With Johnson out of the picture, much of the push among Democrats was for a “party loyal” candidate. That fell to Vice President Hubert Humphrey, who worked to set up a traditional Democratic labor coalition. But Barbero says that and other coalitions within the party were beginning to splinter.

“You have civil rights activists, Catholics, religious anti-war activists kind of coming around Robert Kennedy; Eugene McCarthy, who’s getting this solid, progressive anti-war vote,” said Barbero. “The southern Democrats, those Dixiecrats that were much more conservative, George Wallace is making a name for himself as well.”

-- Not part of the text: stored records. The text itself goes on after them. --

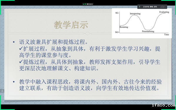 该报告内容为解老师近年来发表在国内外语言学核心杂志的研究成果。解老师以通俗易懂的方式,基于语义波理论,聚焦以文本为基础的英语教学,首先呈现了优秀教师课堂讲解所使用的话语策略。接下来,她将话语策略与课程思政相联系,力求探讨课程思政在话语层面的实现方式。她指出,在教学中融入课程思政,将课内外、国内外、古往今来的经验建立联系,有助于创造语义波,向学生有效地传达价值观。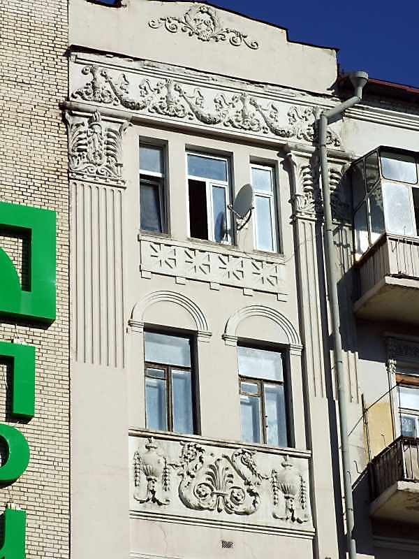 Фрагмент фасаду Розмір зображення: 600:800 піксел 30 липня 2008 р. Фото М.І.Жарких. Вкладені елементи Рельєфна вставка Фронтон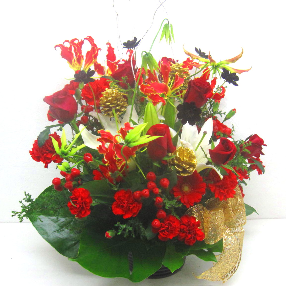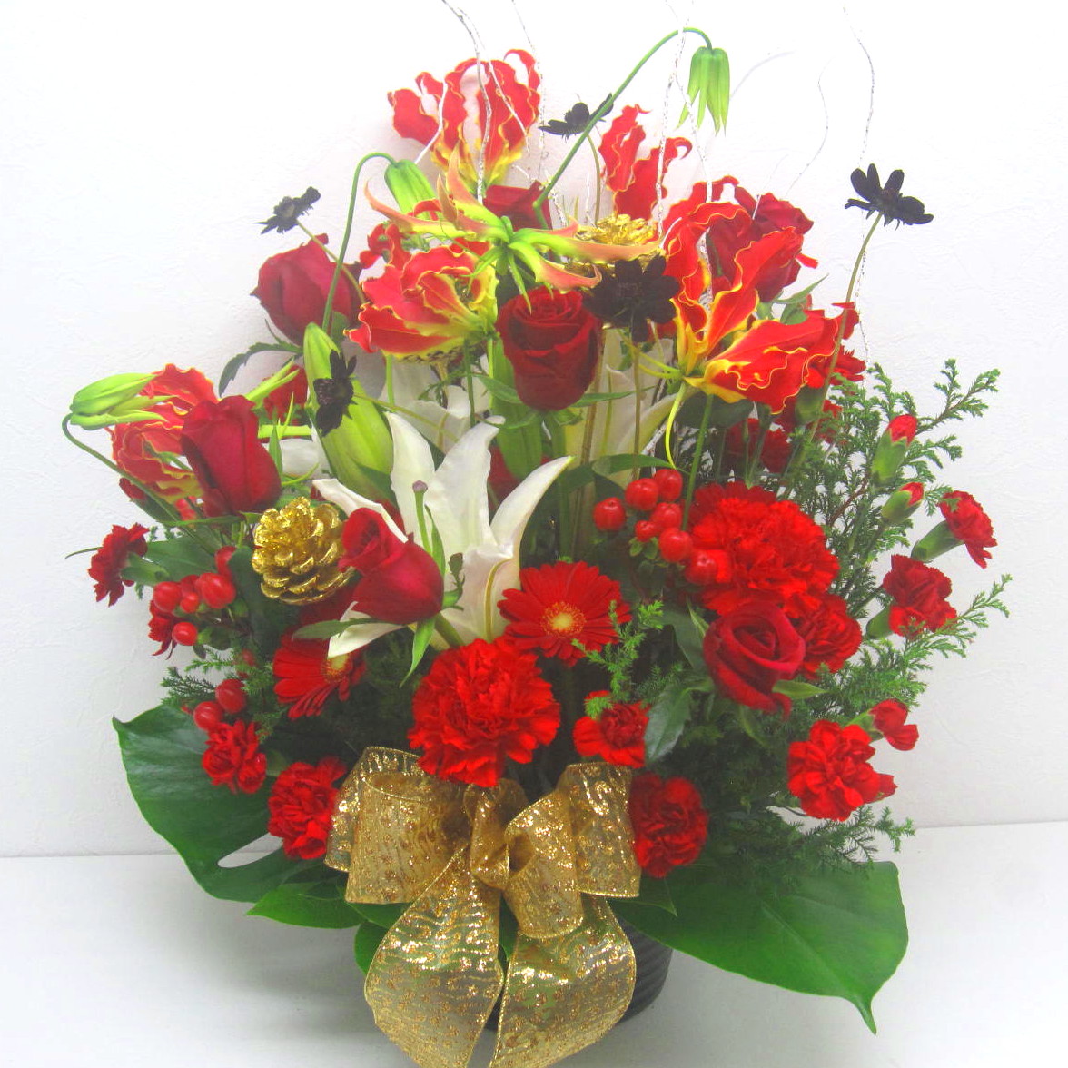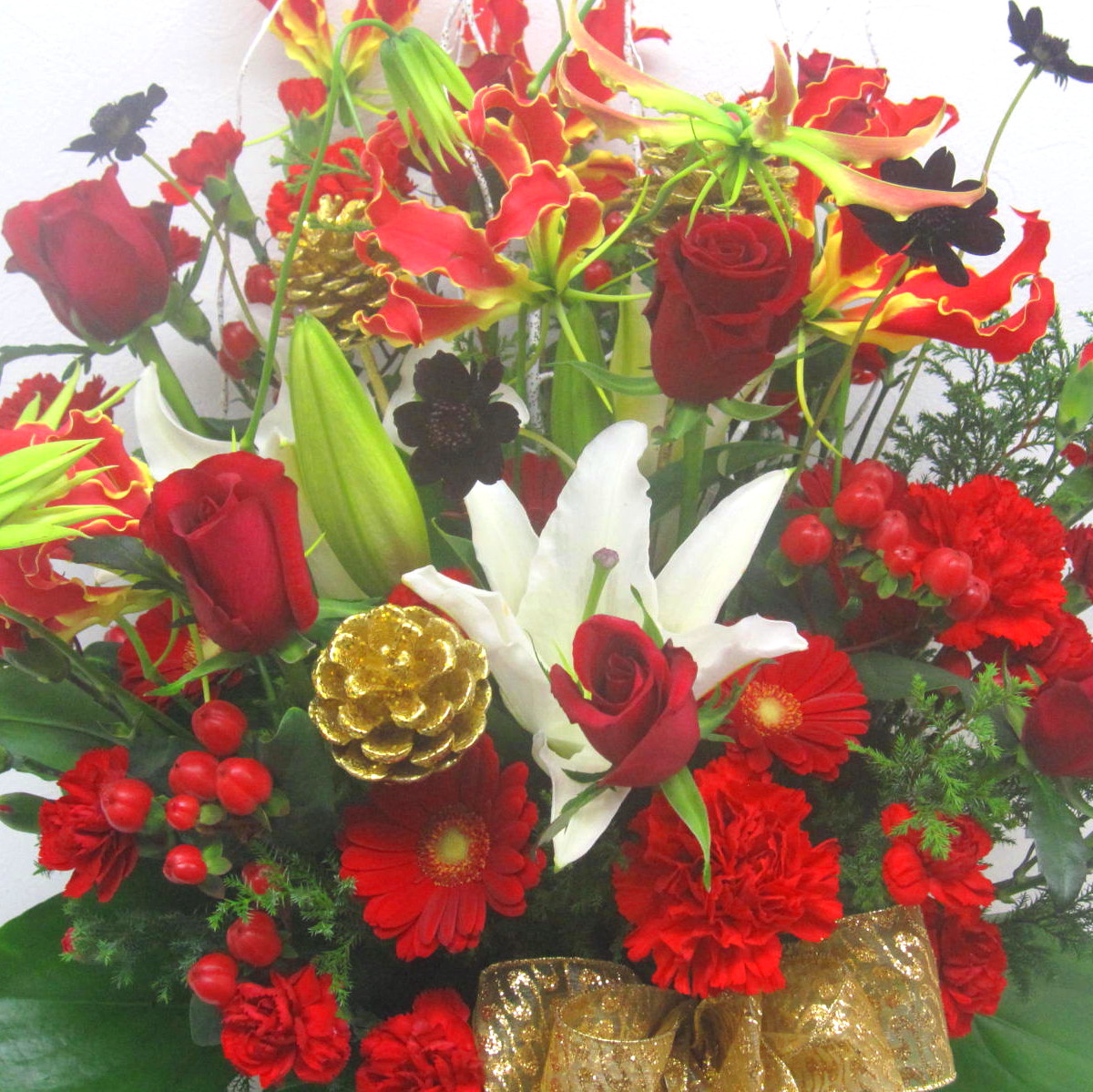 花材: メイン ユリ、バラ、ガーベラ、カーネーション、ゴールド松かさなど その他 シロヌリ(ラメ付)、ヒムロスギ、葉物類など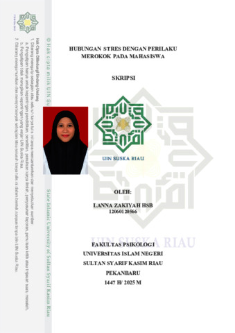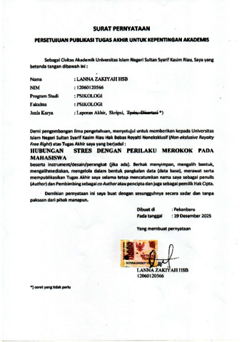 LANNA ZAKIYAH HSB, - (2025) HUBUNGAN STRES DENGAN PERILAKU MEROKOK PADA MAHASISWA. Skripsi thesis, Universitas Islam Negeri Sultan Syarif Kasim Riau.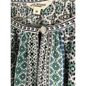 Max Studio Top 1X Blue Pullover Floral Boho Festival Fairy Neutral Preppy Flowy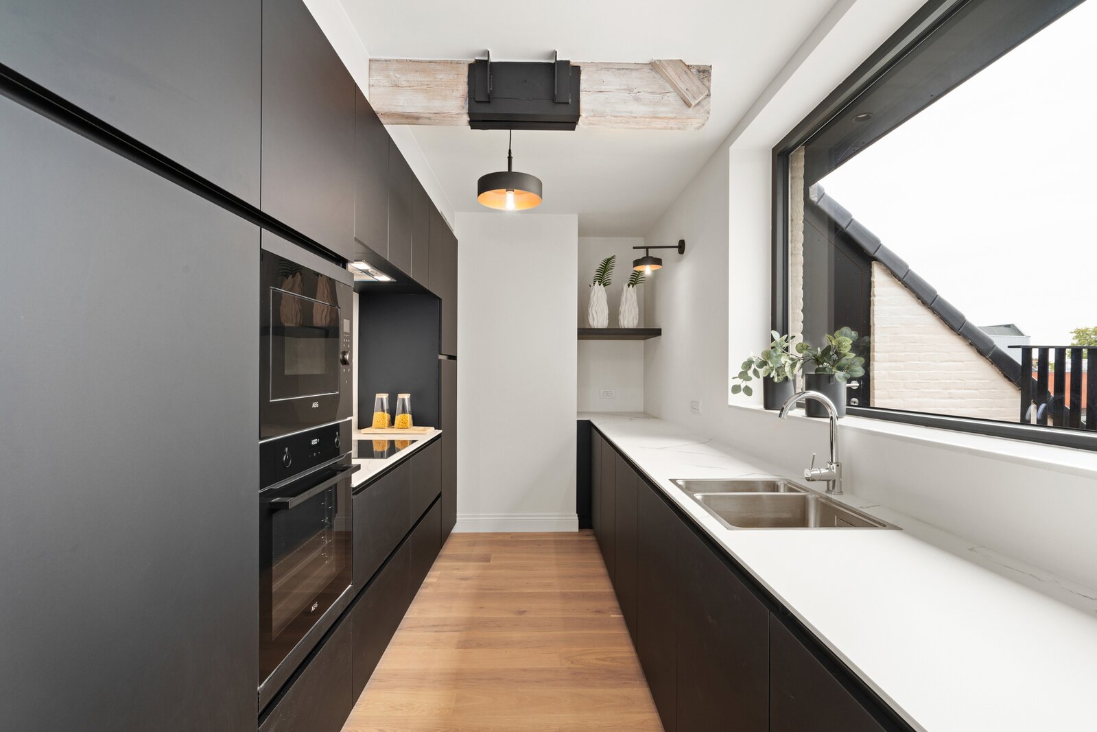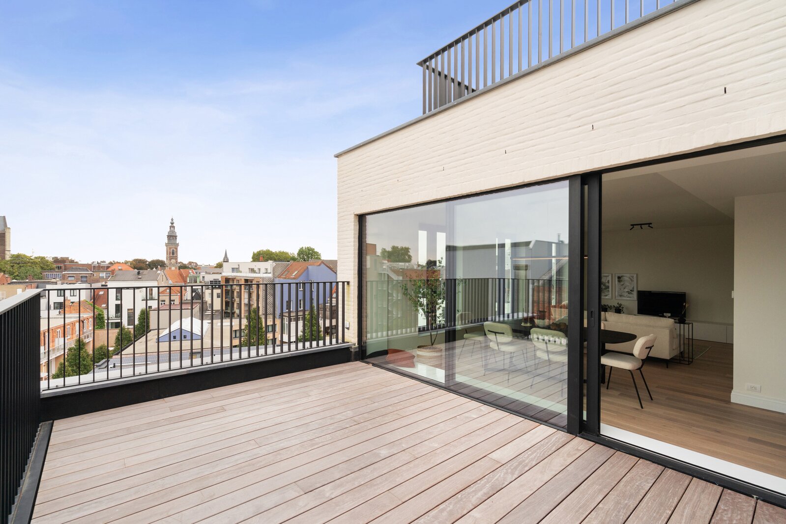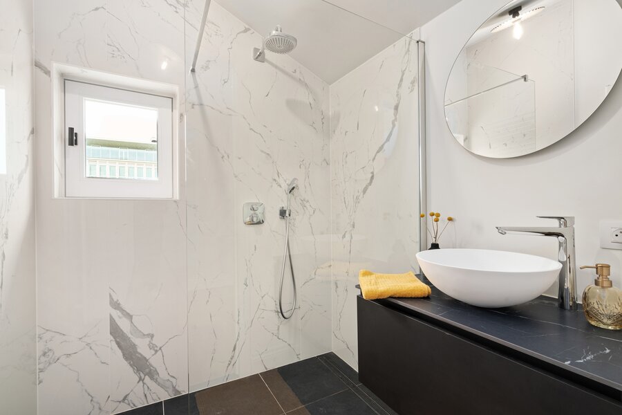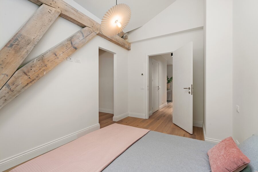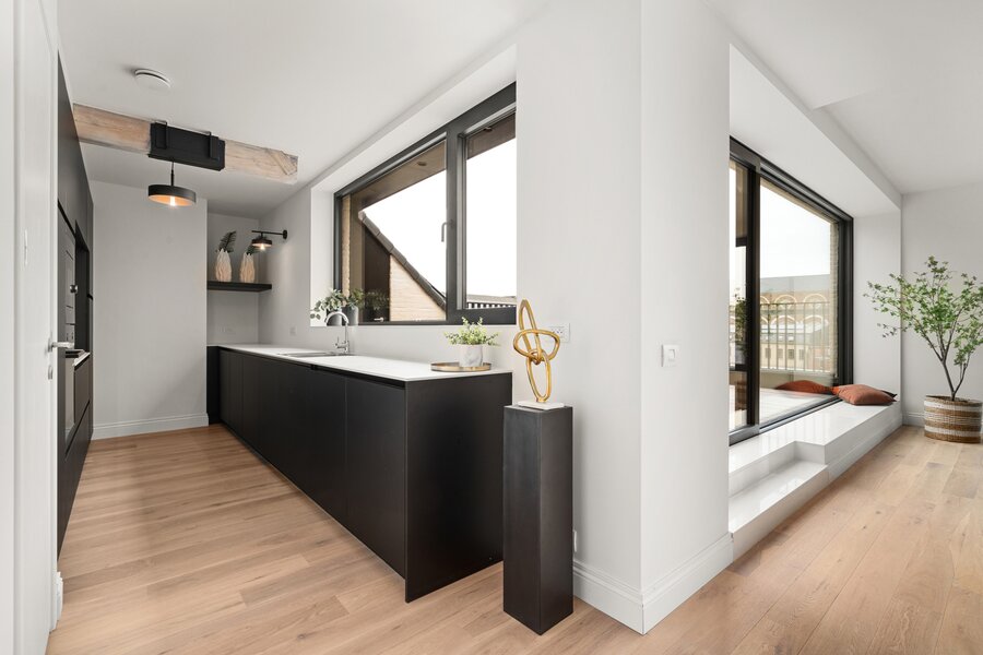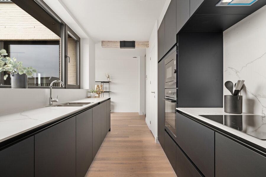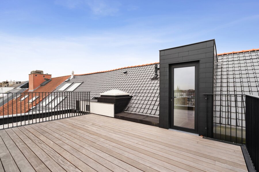 Deze unieke dakloft op de vierde verdieping omvat inkomhal met apart toilet, twee ruime slaapkamers met dressing en en suite badkamer. Aan de achterzijde vinden we de lichtrijke leefruimte met bureauhoek, berging, halfopen keuken met zicht op het schitterend terras met buitenberging. Via de vaste trap komen tot een extra zolderruimte en tweede terras met schitterende verzichten. Laat u verrassen door deze fenomenale dakloft en contacteer ons voor een afspraak. Het appartement is volledig afgewerkt en instapklaar. Onder bepaalde voorwaarden is 6 % btw mogelijk.

Meanwhile, back at the White House, President Johnson had nearly a year to go until the end of his term. His effectiveness at that time is now grist for debate among historians.

“He’s able to keep the war going – there’s definitely that,” said Barbero. “But in terms of his ability to use his bully pulpit or influence public opinion, it’s really at a low,” said Pensacola State’s Andy Barbero, who contends that LBJ is not given enough credit for his domestic policies, aka the Great Society, which include passage of the Voting and Civil Rights Acts; along with Medicare and Medicaid.

“[Johnson] said that segregation was leading to the detriment of African-Americans; but he said that segregation was also distracting the white South from its own poverty and destitution,” Barbero said. “So therefore, it had many layers to it.”

Lyndon Baines Johnson passed away of a heart attack on January 22, 1973, at the age of 64; one day before the Paris Peace Accords ending the Vietnam War were concluded and two days after what would have been the end of his second term, had he run and been reelected in 1968.